COVID-19 UPDATE: Yes we're open so you can get the necessary clothing and care items for your tiny baby. Non-essential products and gift wrapping are currently unable to be purchased, and we will not deliver directly to hospital units until further notice. Please allow more time for your order to be shipped as we are taking extra precautions in our packing process and couriers are running at a lower frequency. Kia kaha xx


Our journey began in January 2012 when my son Ethan was born prematurely. Like most NICU parents we suddenly found ourselves in a world far different from what we had imagined life with our newborn would be. Instead of bringing home a healthy baby, our days were filled with oxygen stats, cares, tube feeds and celebrating every weight gain - even when it was just a few grams.

At birth Ethan weighed 900g (2lbs) and was 34cm long. Before he was born I was given two steriod doses which made a huge difference to his lung development. Ethan was ventilated for just under two days, then they tried him on CPAP and he managed to cope. Despite being extremely premature we're so lucky he never had any major health problems, he mainly needed to grow. He had one session of phototherapy (the blue lights for jaundice) and needed four blood transfusions, which is pretty common for prems as they can't make their own red blood cells. Ethan's last transfusion was done at 5 1/2 weeks old, just before his 6 week immunisations.

Finally after 8 weeks in NICU Ethan was off CPAP and put onto high flow instead, another big milestone. It was great to get rid of those huge CPAP tubes that covered his face and I'm sure he hated those nasal prongs. Knocking them out of place and sleeping with his mouth open drove the nurses crazy some days!!

Ethan at 6 years old, with his Baby Birth Print

Slowly he graduated through the stages, replacing his oral feeding tube with a nasal gastric tube, transferring to a SCBU unit closer to home, moving onto low flow oxygen, and one at a time the monitoring decreased. You get used to relying on them so much and listening out for the alarms - for weeks afterwards I'd check on him constantly to make sure he was still breathing.

Ethan came home in mid April, two weeks before his due date and weighing just on 3kg. He needed low flow oxygen for the first few months to help him cope over winter, but has now been discharged by all his specialists. Ethan is still very little for his age but we are lucky to now have a happy and healthy (and did I mention very active??!!) six year old.


When Ethan was 6 1/2 weeks old he graduated from the incubator to a heated cot, a huge milestone for all NICU parents! For me the chance to finally dress our baby made the whole experience a little better, he was a step closer to coming home and being more like a "proper" newborn. The nurse found me four layers of clothing to dress him in to make sure he was warm enough and they were massive - he was a big ball of clothes with his little arms and legs sticking out the ends!

Most of the clothes in our unit were closer to newborn size, the over-sized clothing hid his monitor leads but really emphasised how tiny our baby was. We were able to bring in our own clothes for Ethan to wear but I quickly figured out that finding outfits was going to be a challenge.
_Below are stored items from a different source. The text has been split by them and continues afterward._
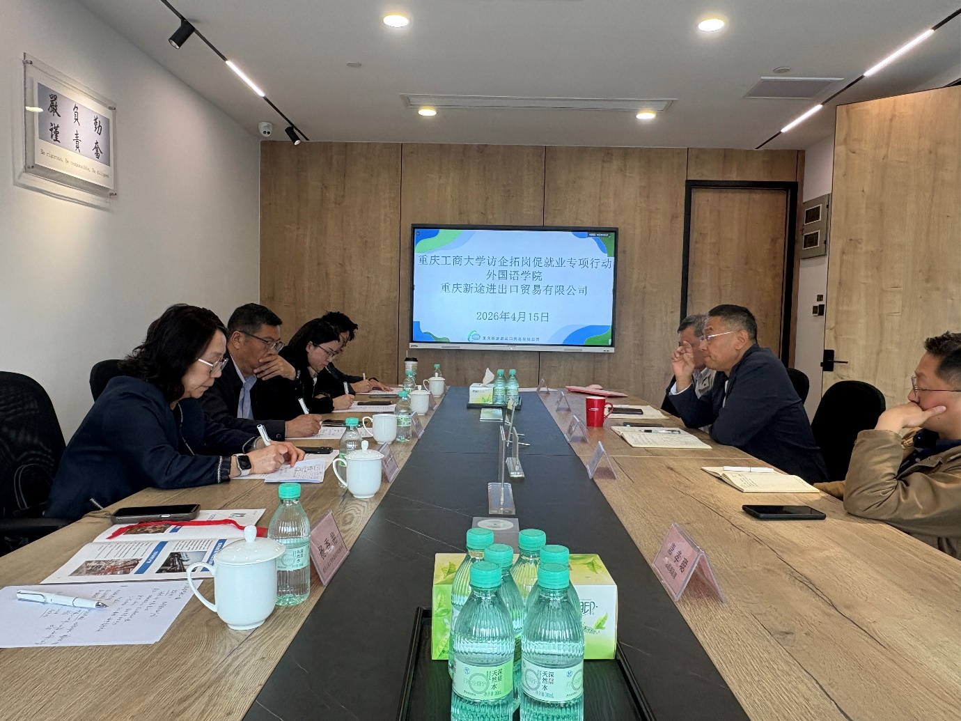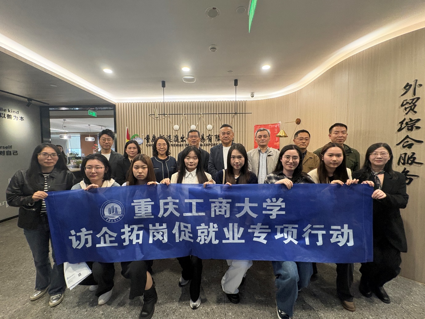 为深化校企合作、拓宽毕业生就业渠道,2026年4月15日,外国语学院党委书记彭勇、院长周琳、副院长邹莉、英语系主任助理刘勇、毕业生辅导员杨香艳及部分毕业生代表一行,走访重庆新途进出口贸易有限公司。公司董事长王敬春携各部门经理及业务负责人热情接待并参与座谈。
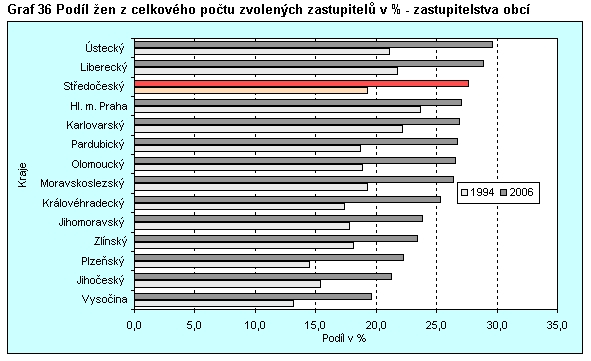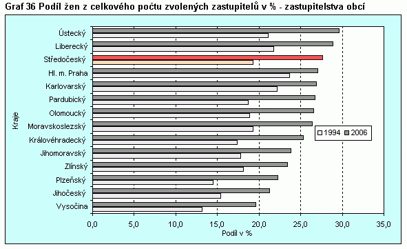 Graf 36 Podíl žen z celkového počtu zvolených zastupitelů v % - zastupitelstva obcí
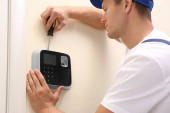 Technika instalacja kamery Cctv na ścianie w pomieszczeniu
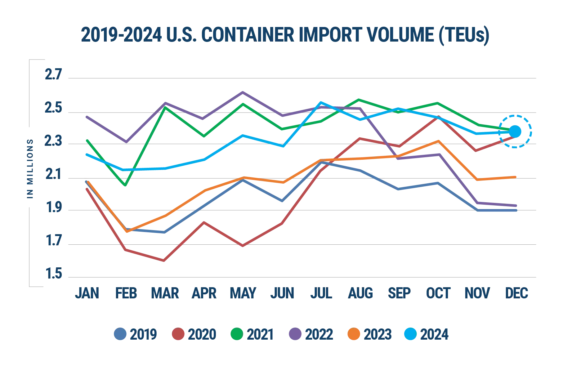 Strong December 2024 U.S. container import volumes close exceptional year.
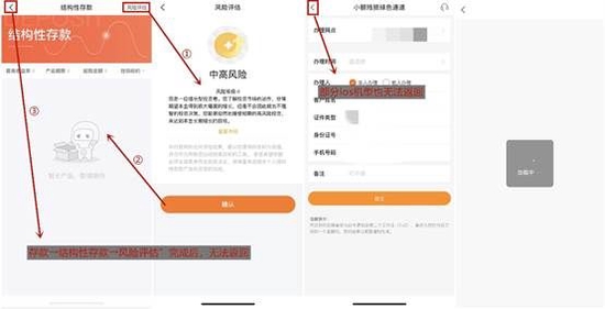 不過,App個(gè)別交互存在bug,只能強(qiáng)制退出App:一是,“存款→結(jié)構(gòu)性存款→風(fēng)險(xiǎn)評估”完成后,無法返回;二是,部分IOS客戶端“網(wǎng)點(diǎn)查詢→小額殘損綠色通道”無法返回。
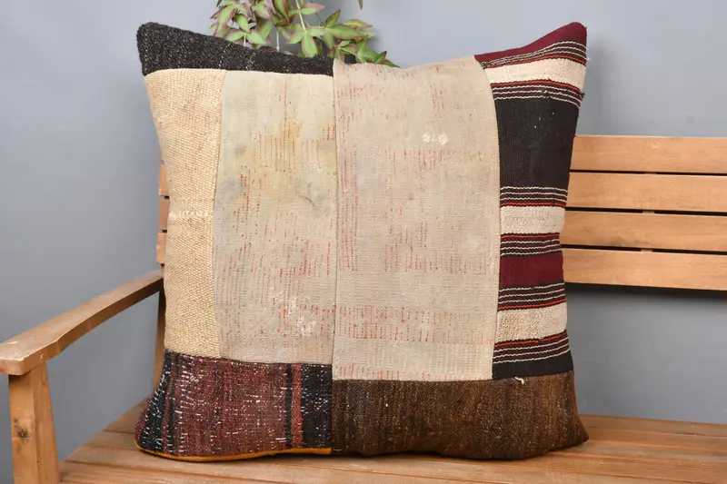 Almohada bordada, 28x28 beige y naranja patchwork, hecha a mano
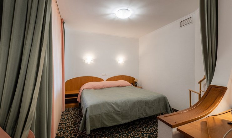 Мебель: Кровать двуспальная или кровати односпальные, тумба, стол, стул, шкаф
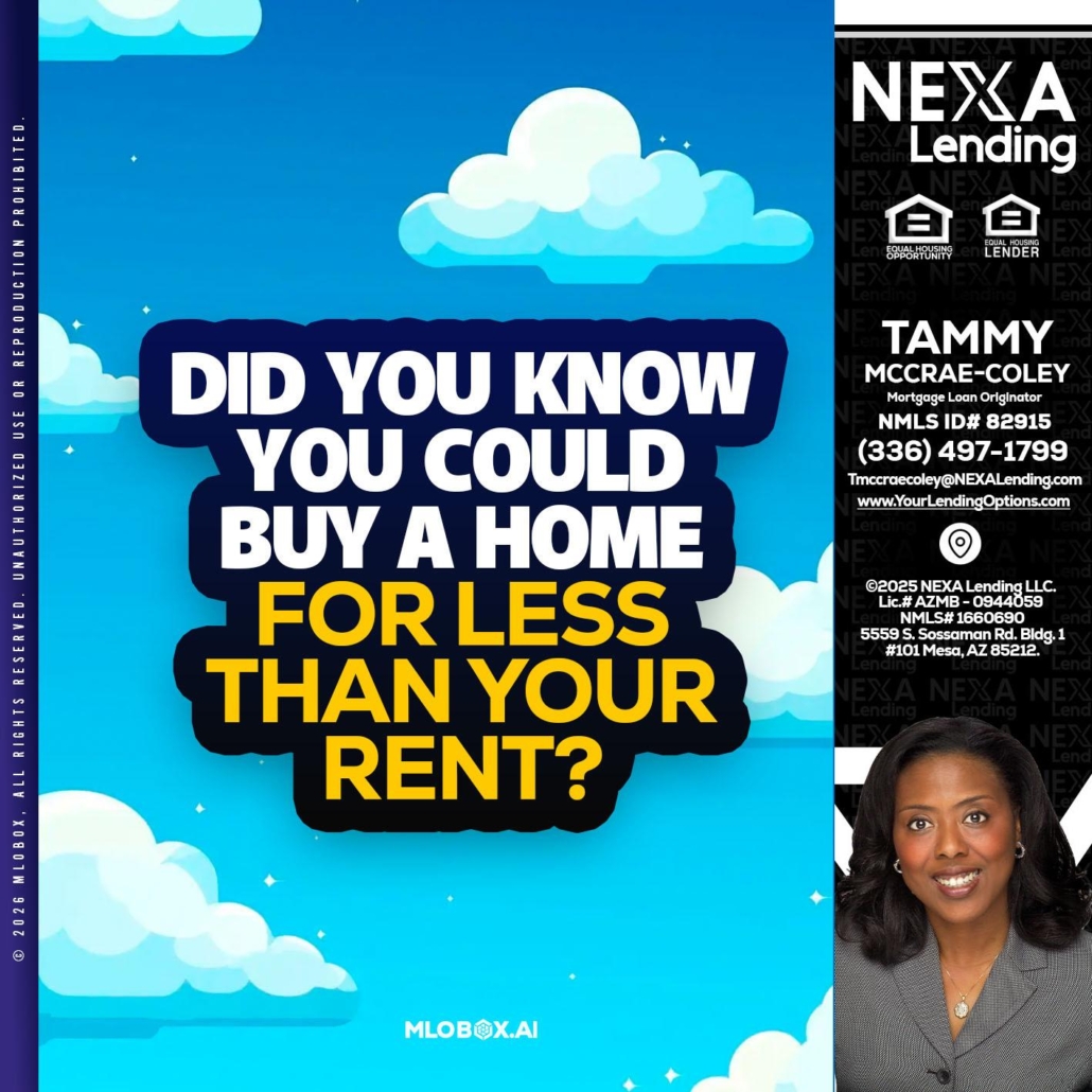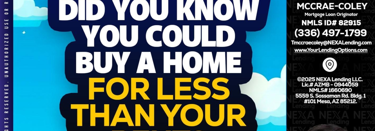 Hi, my name is Tammy C. McCrae-Coley. I’m a Loan Officer with NEXA Lending LLC., offering personalized mortgage solutions, fast customized quotes, great rates and service with integrity.
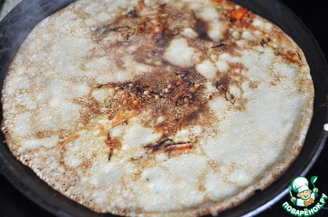 Как только блин "схватится" сверху, аккуратно переворачиваем и печём с другой стороны ещё около 30 секунд.
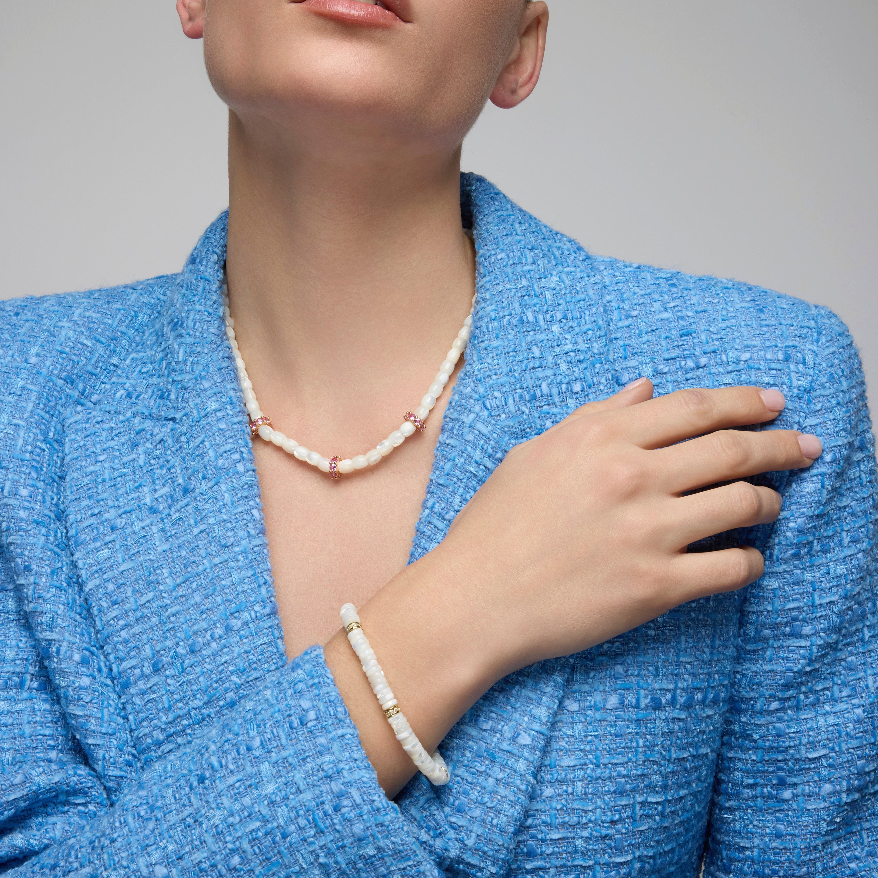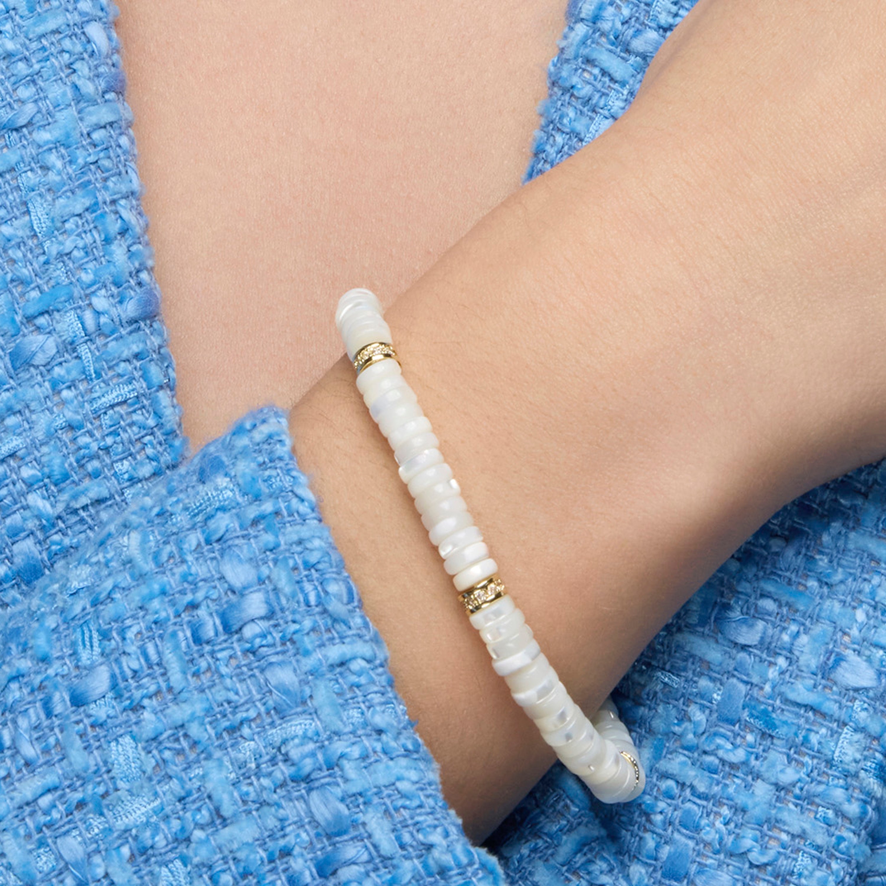 Fyro Bracelet in 925 Sterling Silver and White Mother of Pearl with 18k Yellow Gold Finish
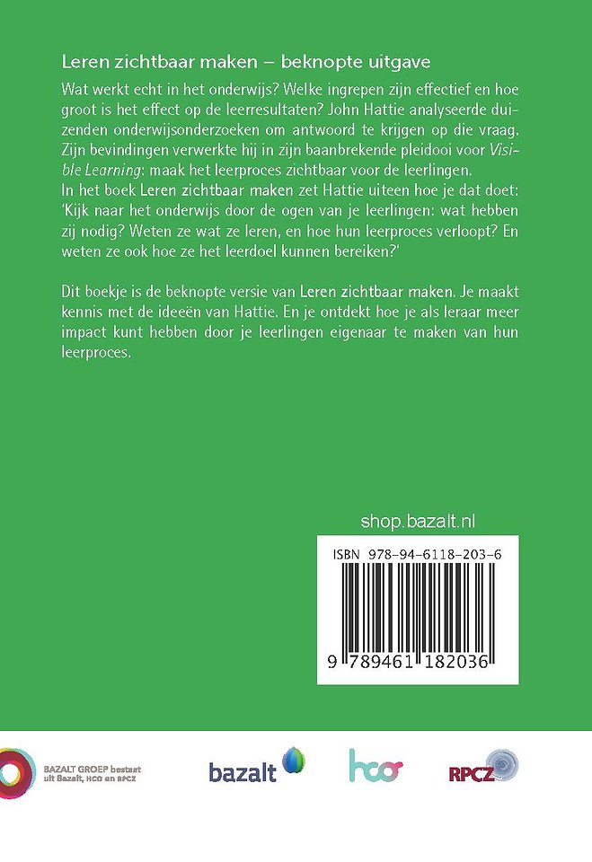 Meer over John HattieMaak kennis met de visie van onderwijswetenschapper John Hattie. In deze beknopte uitgave van Leren zichtbaar maken vindt u zijn belangrijkste ideeën terug. Hatties centrale boodschap luidt: weet welke impact u heeft op het leren van uw leerlingen. Kijk naar uw onderwijs door de ogen van uw leerlingen en leer hen hun eigen leraar te worden.
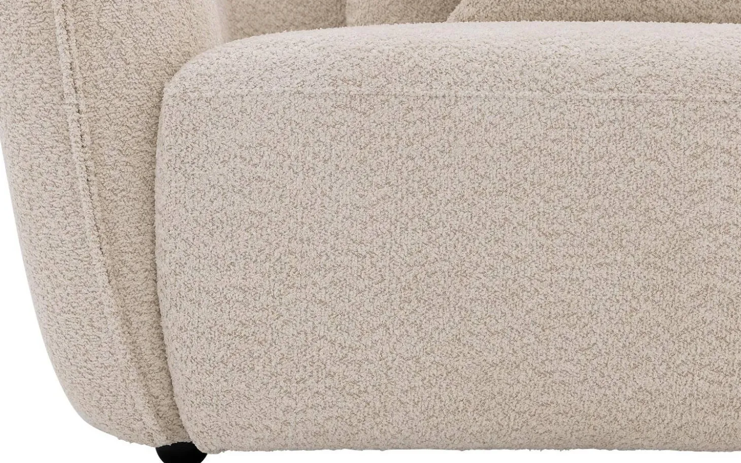 De zachte bouclé stof in crèmewit geeft hoekbank Fay een warme en landelijke uitstraling. De ronde vormgeving maakt deze bank bijzonder en zorgt voor een speels effect in je woonkamer. De kunststof poten in zwart vormen een mooi contrast met de lichte bekleding.
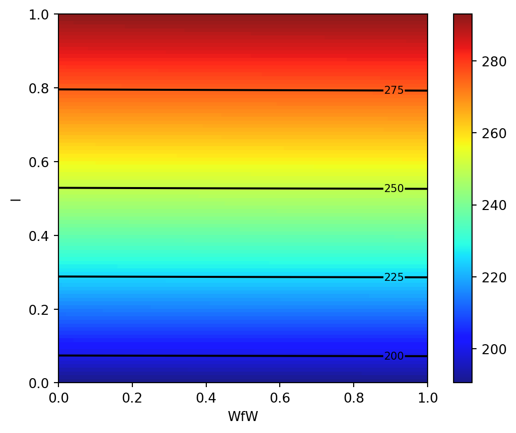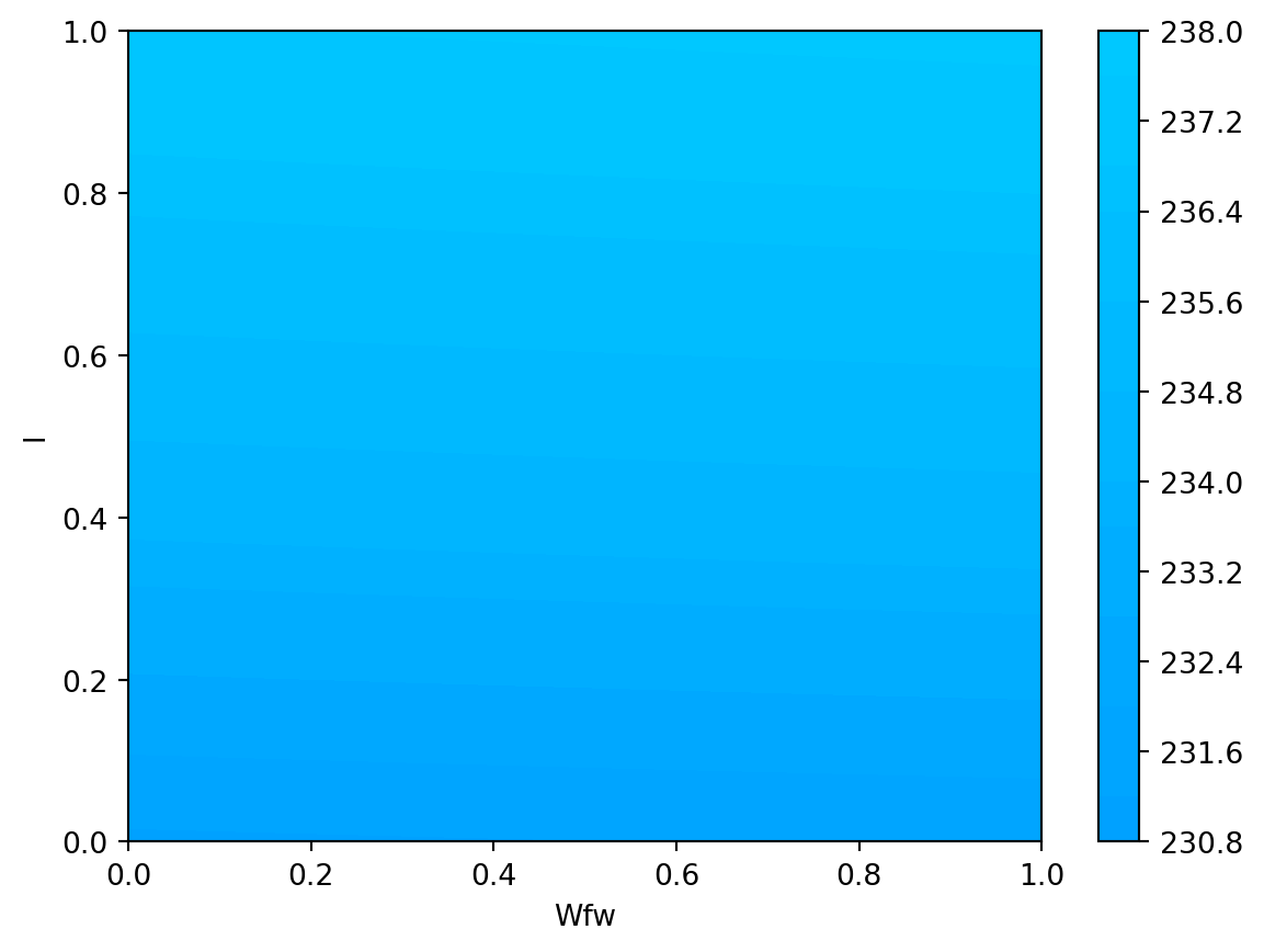 - Let’s plot the second example, taper ratio \(\lambda\) and fuel weight \(W_{fw}\)
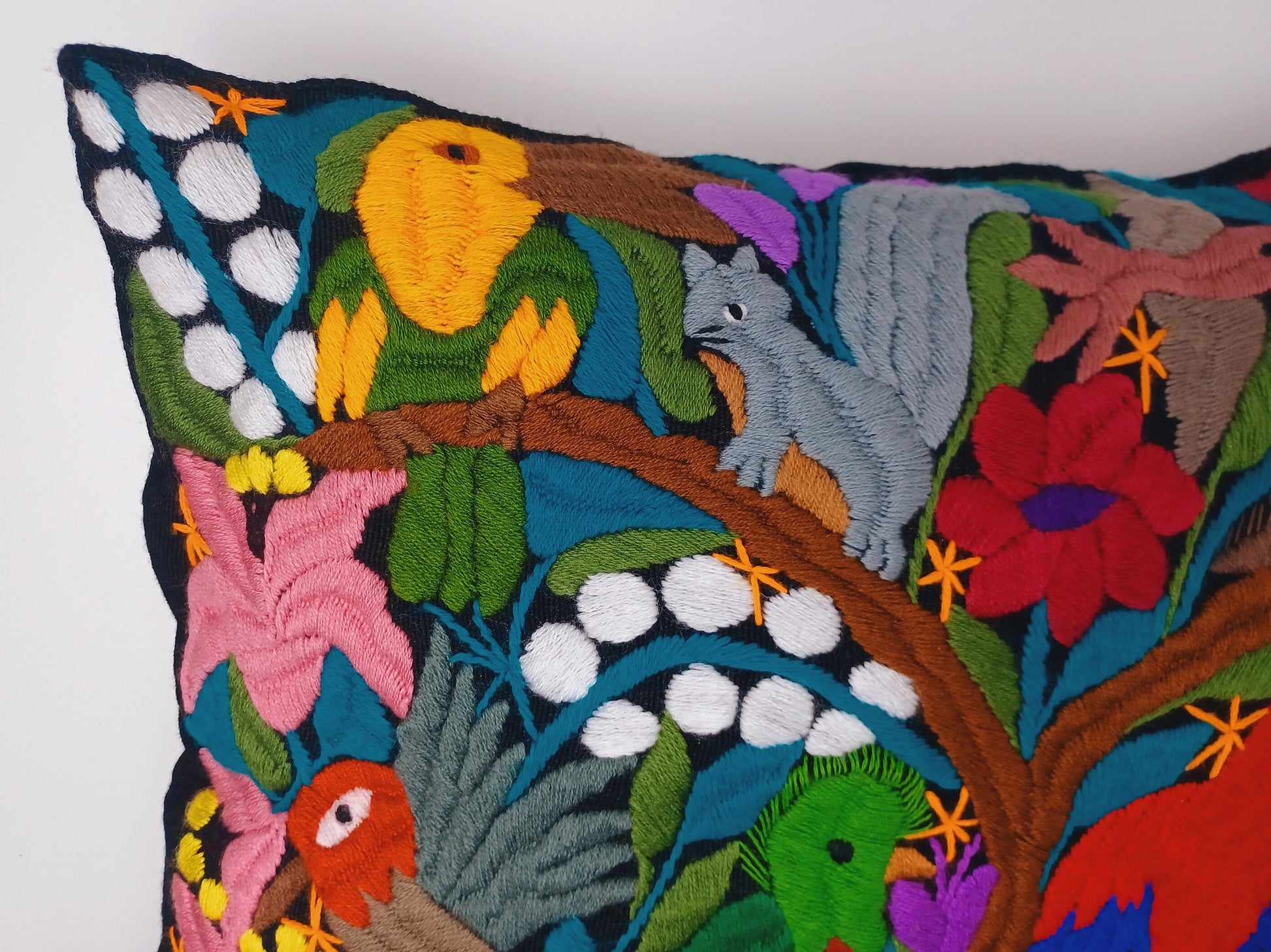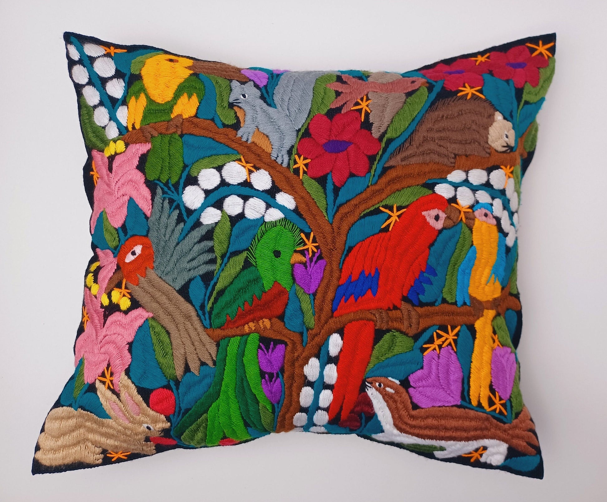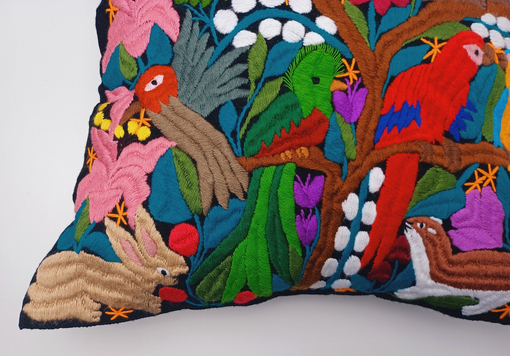 Housse de coussin mexicaine colorée avec motif d'animaux tropicaux. Fabriqué à la main au Chiapas, au Mexique

NICU life is tiring, I was spending as much time as I could at the hospital then attempting to get a couple of hours sleep at home between expressing times - every 3 hours, day and night, week after week. In my exhausted state having to go to the shops was the last thing I felt like doing, so thankfully my mum started searching for some clothes that would fit.

My mum spent hours looking for premature sized clothes, she was told to try dolls clothing and even some that were made for teddy bears!! Trying to find things that were front opening (so the CPAP and leads for his monitors weren't disturbed too much) made it nearly impossible.

Nothing really prepares you for a baby which turns up weeks or months early, all those plans to shop before baby arrives are gone! Ethan was still wearing Prem sized clothes for over a month after arriving home, and as he was on oxygen it was far easier to put him in clothes that opened down the front. The stories I’ve heard from other parents who have resorted to buying dolls clothes made me realise that there needed to be a better option.

Ethan's first day wearing clothes in NICU

I thought it would be incredible if new parents could look in their own time and easily find a range of properly fitting clothes for their little baby, or proud Grandparents, Aunties and Uncles could get a special gift to celebrate the birth of a premature baby. After two years and countless late nights researching and planning, Small Babies was formed. We've now got a huge range of products just for prems, with NICU Journals, Premmie Milestone Cards and more to help other preterm babies and their families through their time in hospital to home.

I hope that you find something here for your baby (or babies!) and wish you all the best for your journey together.